Carleson's Theorem in Analysis, Scattering, and Ergodic Theory

分析、散射和遍历理论中的卡尔森定理

• 批准号: 0701302
• 负责人: Christoph Thiele
• 金额: $ 37.5万
• 依托单位: University of California-Los Angeles
• 依托单位国家: 美国
• 项目类别: Continuing Grant
• 财政年份: 2007
• 资助国家: 美国
• 起止时间: 2007-07-01 至 2011-06-30
• 项目状态: 已结题
• 来源: https://www.nsf.gov/awardsearch/showAward?AWD_ID=0701302&HistoricalAwards=false
• 关键词: Carleson; Theorem; Analysis; Scattering; Ergodic

Wave packet analysis has applications to various fields within mathematical analysis: scattering theory, classical Fourier analysis, ergodic Theory. This project will broaden the use of wave packet analysis in these areas and thus lead to deeper understanding of these areas.Particular problems considered in this project are a natural nonlinear variant of Carleson's theorem on convergence of Fourier series, the development of quadratic Fourier analysis in the context of wave packet analysis and its various applications, and various convergence theorems for ergodic averages going beyond Bourgain's return times theorem.With its many applications to fields within mathematical analysis, the project helps to advance our understanding of the field in a variety of directions and thus has potential impact on several lines of research. In the past, analysis closely related to this project has found its way into applications to the non-mathematics world, most notably through the "wavelet" revolution in computational mathematics in the nineties. It is important to maintain our basic research in the field to lay out the groundwork for future applications. In addition, UCLA maintains an active group in analysis, training many young mathematicians in the area and successfully placing them in academia. This project helps continuing this contribution to the future mathematical workforce.

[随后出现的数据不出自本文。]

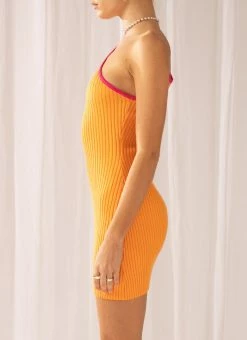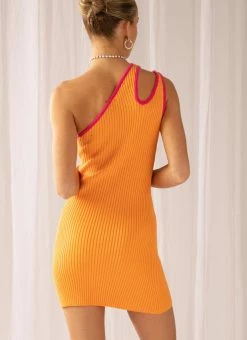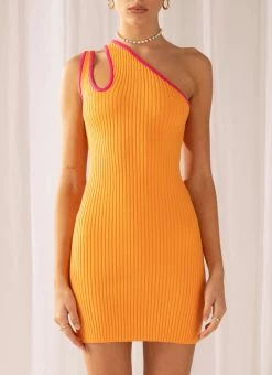 Give him the cold shoulder babes! The Easy O the Eyes Mini Dress is exactly that, crafted in ribbed knit fabric with a bodycon fit and feminine one shoulder detailing. Made in our eye-catching tangerine hue with contrasting pink ribbed binding at the armhole and neckline.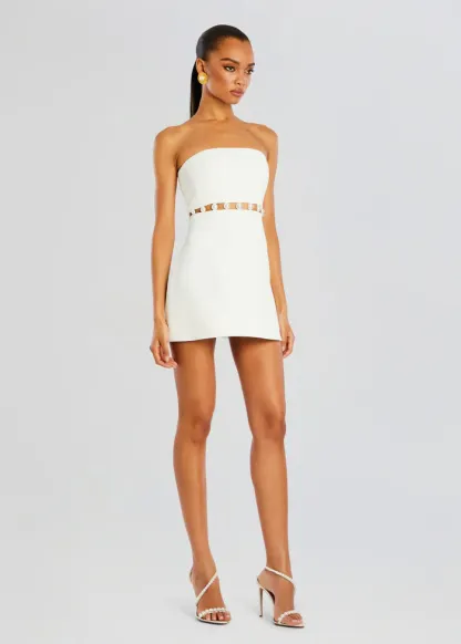 Pure romance. This white strapless A-line mini dress features a waist cut-out framed with delicate pearl detailing for a soft, feminine glow.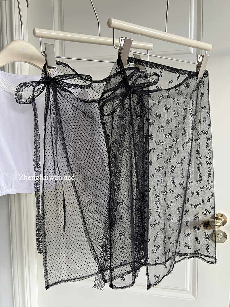 原创设计韩国蕾丝花边屁帘围裙女叠穿绑带半身裙百搭罩裙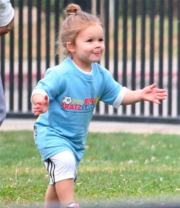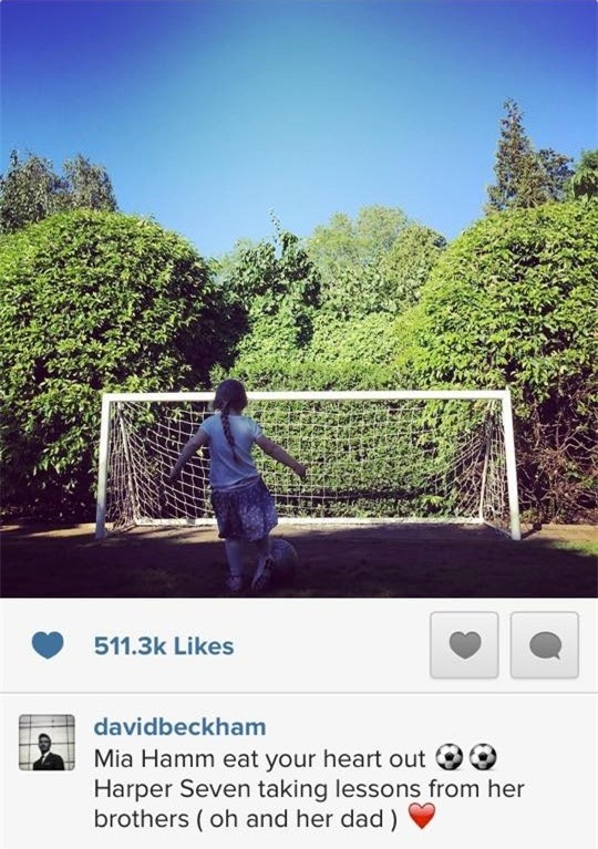 “Mia Hamm đã chiếm trái tim của con bé. Harper Seven đang học chơi bóng cùng các anh (và cả bố nữa)”- Beckham chia sẻ kèm theo bức ảnh Harper Seven tết tóc đuôi sam, đang sút trái bóng vào lưới để ghi bàn. Mia Hamm là nữ cầu thủ nổi tiếng của Mỹ, phải chăng Becks cũng muốn con gái mình theo nghiệp quần đùi áo số?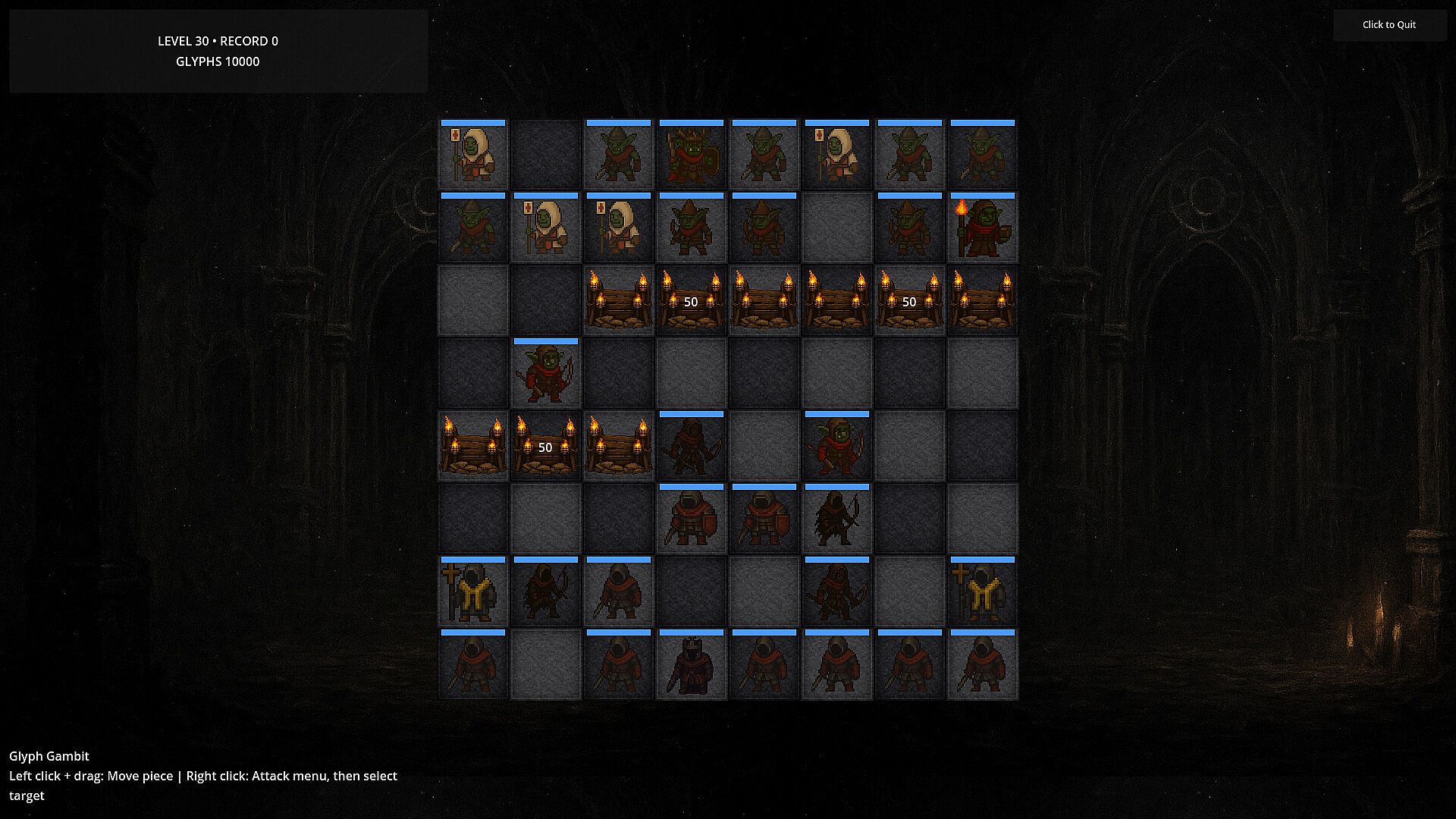 Glyph Gambit is a turn-based tactical roguelite inspired by chess, Dark Souls, and grid-based dungeon crawlers. Each run challenges you to navigate dangerous tactical arenas where every move matters and every decision can end your journey. Your objective is clear: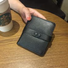 欧美大牌2017新款短款钱包女搭扣头层牛皮夹多卡位卡包零钱夹

波包分析在数学分析的各个领域都有应用：散射理论、经典傅立叶分析、遍历理论。该项目将扩大波包分析在这些领域的应用，从而加深对这些领域的理解。在这个项目中考虑的特殊问题是关于傅里叶级数收敛的Carleson定理的自然非线性变体，在波包分析及其各种应用背景下的二次傅里叶分析的发展，以及超越布尔甘返回时间定理的遍历平均的各种收敛定理。由于它在数学分析领域的许多应用，该项目有助于促进我们在各个方向上对该领域的理解，因此对几个研究领域具有潜在的影响。在过去，与这个项目密切相关的分析已经在非数学世界中找到了自己的应用方式，最著名的是通过90年代计算数学中的“小波”革命。重要的是保持我们在该领域的基础研究，为未来的应用奠定基础。此外，加州大学洛杉矶分校在分析领域保持着一个活跃的小组，培养了许多该领域的年轻数学家，并成功地将他们安置在学术界。该项目有助于继续为未来的数学劳动力做出贡献。